WDscholia / scholia

Wikidata-based scholarly profiles
https://scholia.toolforge.org
Other
220 stars 78 forks source link

Integrate with Ordia's text-to-lexemes #955

Open Daniel-Mietchen opened 4 years ago

Daniel-Mietchen commented 4 years ago

What I have in mind here is things like checking whether all the lexemes in X are in Wikidata, where X might be a list of

Daniel-Mietchen commented 4 years ago

X might as well be - perhaps with some pre-processing to enhance performance and avoid copyright issues - something else than suggested above, e.g.
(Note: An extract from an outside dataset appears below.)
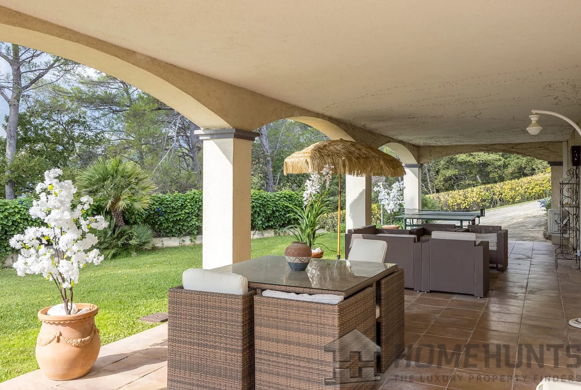 Located in a peaceful setting, this superb property enjoys panoramic views to the sea, the Esterel mountains, and the surrounding hills.

Daniel-Mietchen commented 4 years ago

I took the "Extraction" query from https://tools.wmflabs.org/ordia/text-to-lexemes and combined it with the title word extraction query from https://www.wikidata.org/wiki/Wikidata:University_of_Virginia/Listeria/UVa_people/Common_words_in_titles_of_UVA-coauthored_publications_without_P921_(main_subject)_statement .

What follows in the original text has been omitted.